## Requirement
Give the data again word for word; drop the pictures.

[Extracted material Boundary: Start]

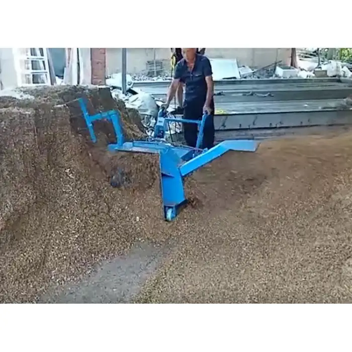 The machine is suitable for mixing and turning mushroom compost, soil preparation, organic waste processing, and enhancing nutrient distribution in compost.
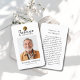This beautifully white minimal designed "Tree of Life" illustration, funeral photo prayer card allows you to create a heartfelt tribute to your loved one. Simply add your favorite photo and customize the text with a meaningful message or scripture. The front of the card features classic, timeless typography to honor their memory, while the back includes a customizable prayer or poem set against a sleek black background. Thoughtfully crafted, this card serves as a cherished keepsake, offering comfort and remembrance for family and friends.
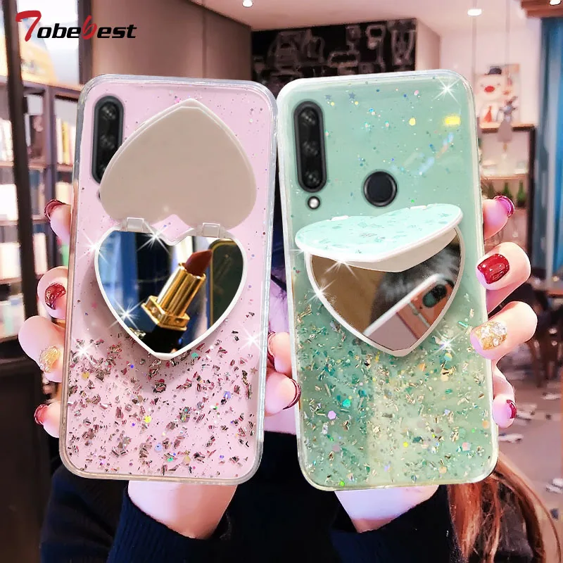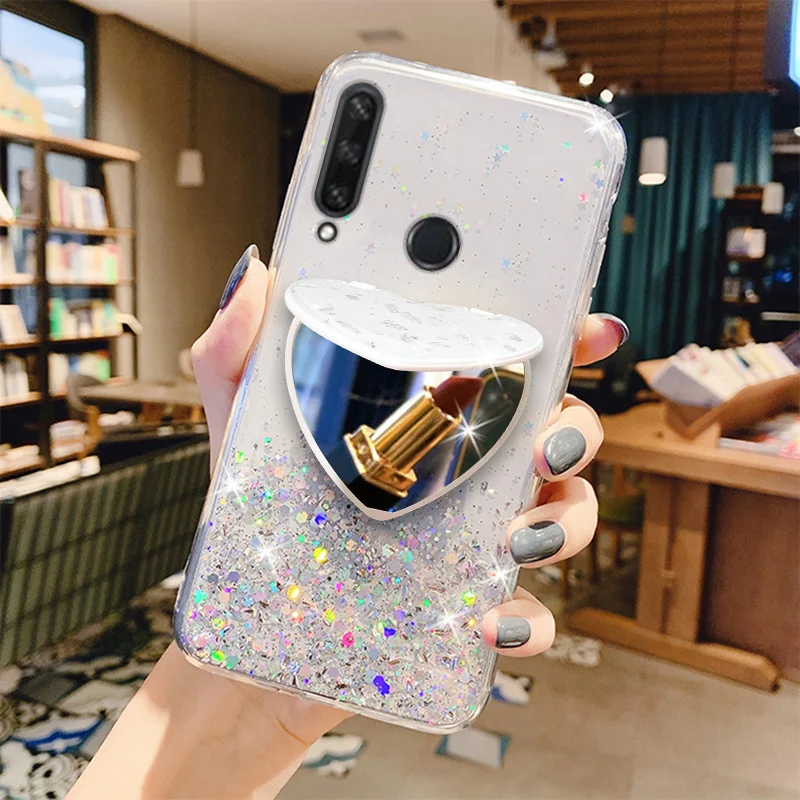 Чехол для Huawei Y6P, Y5P, Y7P, Y8S, Y7A 2020, Y9, Y7, Y6, Y5 Prime 2019, зеркальный, с блестками, мягкий силиконовый чехол
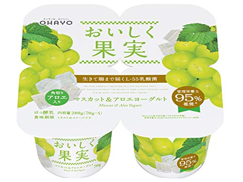 [冷蔵] オハヨー乳業 おいしく果実マスカット&アロエヨーグルト4P 70g×4
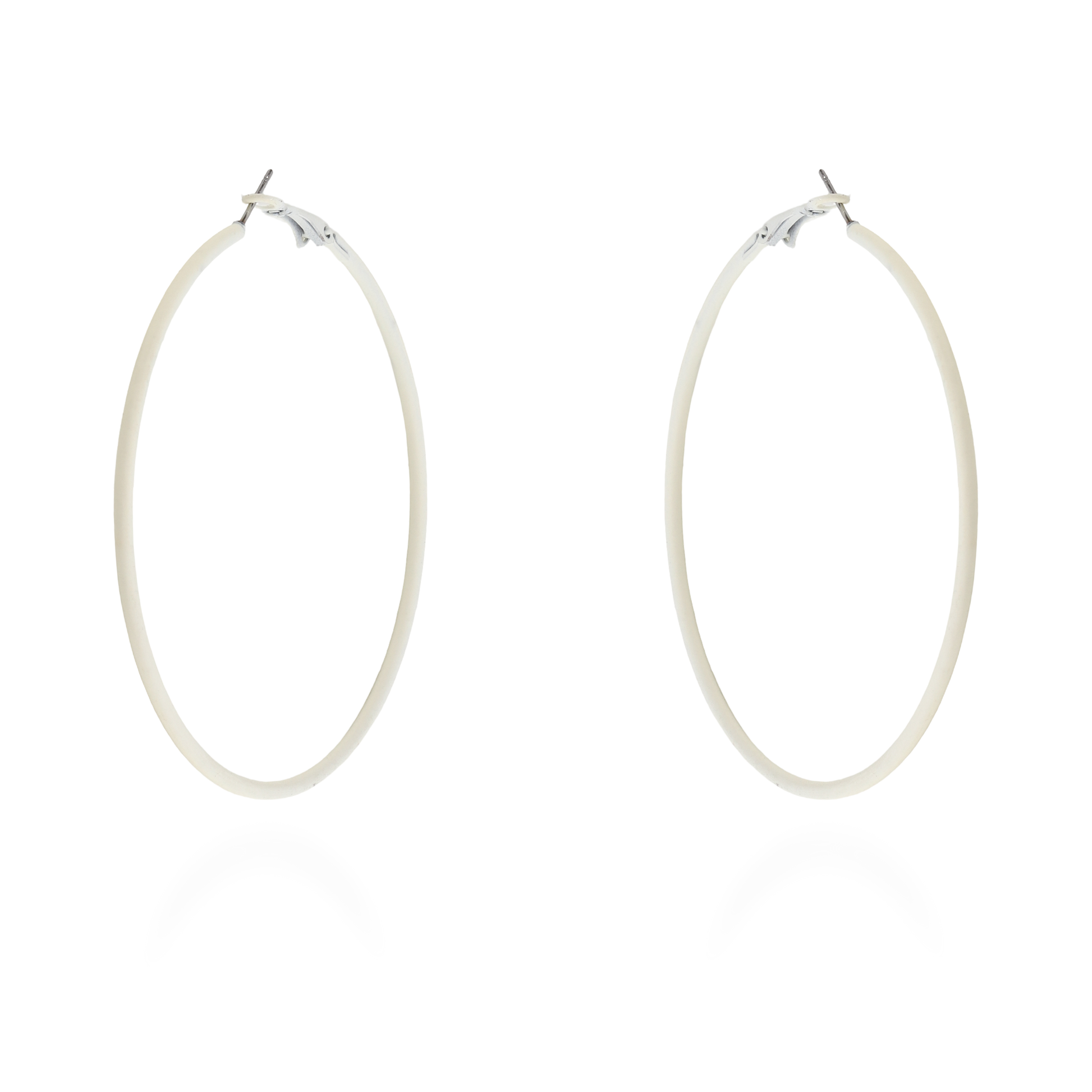 Σκουλαρίκια κρίκοι σε λευκό χρώμα με ματ υφή σε όλη τους την επιφάνεια ένα κομψό κόσμημα για το στυλ σας. Αυτό το στυλ μπορεί να συνδυαστεί εύκολα με διάφορα ντυσίματα και να φορεθεί καθημερινά ή σε επίσημες περιστάσεις, προσθέτοντας κομψότητα στο σύνολό σας.
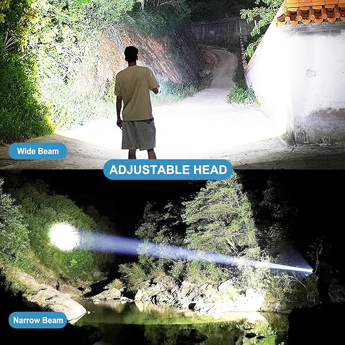 - 【5 LIGHTING MODES & ADJUSTABLE】This High Powered flashlight has 5 lighting modes to easily adapt to any environment: High/Medium/Low/Strobe/SOS. Use the adjustable functions of this powerful flashlight to achieve wide and narrow beam lighting, allowing you to personalize your lighting zone. Long press 3s in any mode then you can turn off the flashlight.
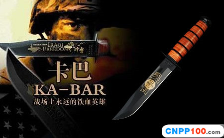 私藏KA-BAR USMC軍刀Ka-bar 刀廠以前叫做Union Razor Co.,被稱為Ka-bar 是由于一位獵人的推薦信函。這位獵人在打獵的途中遇到了熊,子彈用盡的他只好拿起了他那由Union Razor Co.所造的高品質(zhì)獵刀來與熊搏斗,因而保住了性命,他在信上寫到這把刀可以殺熊(Kill a bear ),但是因為這位獵人的教育層度不高,將它寫成Kil a bar,后來又被人們縮寫成Ka-bar,因此Ka-bar這個名字便被大家所傳頌,甚至比Union更有名氣,因此在1951年時,Union Razor 公司正式改名為Ka-bar ,但在此之前Union公司便已在他們生產(chǎn)的刀上打上Ka-bar的標志。

[Extracted material Boundary: End]

## Exercise result
 The machine is suitable for mixing and turning mushroom compost, soil preparation, organic waste processing, and enhancing nutrient distribution in compost.
This beautifully white minimal designed "Tree of Life" illustration, funeral photo prayer card allows you to create a heartfelt tribute to your loved one. Simply add your favorite photo and customize the text with a meaningful message or scripture. The front of the card features classic, timeless typography to honor their memory, while the back includes a customizable prayer or poem set against a sleek black background. Thoughtfully crafted, this card serves as a cherished keepsake, offering comfort and remembrance for family and friends.
 Чехол для Huawei Y6P, Y5P, Y7P, Y8S, Y7A 2020, Y9, Y7, Y6, Y5 Prime 2019, зеркальный, с блестками, мягкий силиконовый чехол
 [冷蔵] オハヨー乳業 おいしく果実マスカット&アロエヨーグルト4P 70g×4
 Σκουλαρίκια κρίκοι σε λευκό χρώμα με ματ υφή σε όλη τους την επιφάνεια ένα κομψό κόσμημα για το στυλ σας. Αυτό το στυλ μπορεί να συνδυαστεί εύκολα με διάφορα ντυσίματα και να φορεθεί καθημερινά ή σε επίσημες περιστάσεις, προσθέτοντας κομψότητα στο σύνολό σας.
 - 【5 LIGHTING MODES & ADJUSTABLE】This High Powered flashlight has 5 lighting modes to easily adapt to any environment: High/Medium/Low/Strobe/SOS. Use the adjustable functions of this powerful flashlight to achieve wide and narrow beam lighting, allowing you to personalize your lighting zone. Long press 3s in any mode then you can turn off the flashlight.
 私藏KA-BAR USMC軍刀Ka-bar 刀廠以前叫做Union Razor Co.,被稱為Ka-bar 是由于一位獵人的推薦信函。這位獵人在打獵的途中遇到了熊,子彈用盡的他只好拿起了他那由Union Razor Co.所造的高品質(zhì)獵刀來與熊搏斗,因而保住了性命,他在信上寫到這把刀可以殺熊(Kill a bear ),但是因為這位獵人的教育層度不高,將它寫成Kil a bar,后來又被人們縮寫成Ka-bar,因此Ka-bar這個名字便被大家所傳頌,甚至比Union更有名氣,因此在1951年時,Union Razor 公司正式改名為Ka-bar ,但在此之前Union公司便已在他們生產(chǎn)的刀上打上Ka-bar的標志。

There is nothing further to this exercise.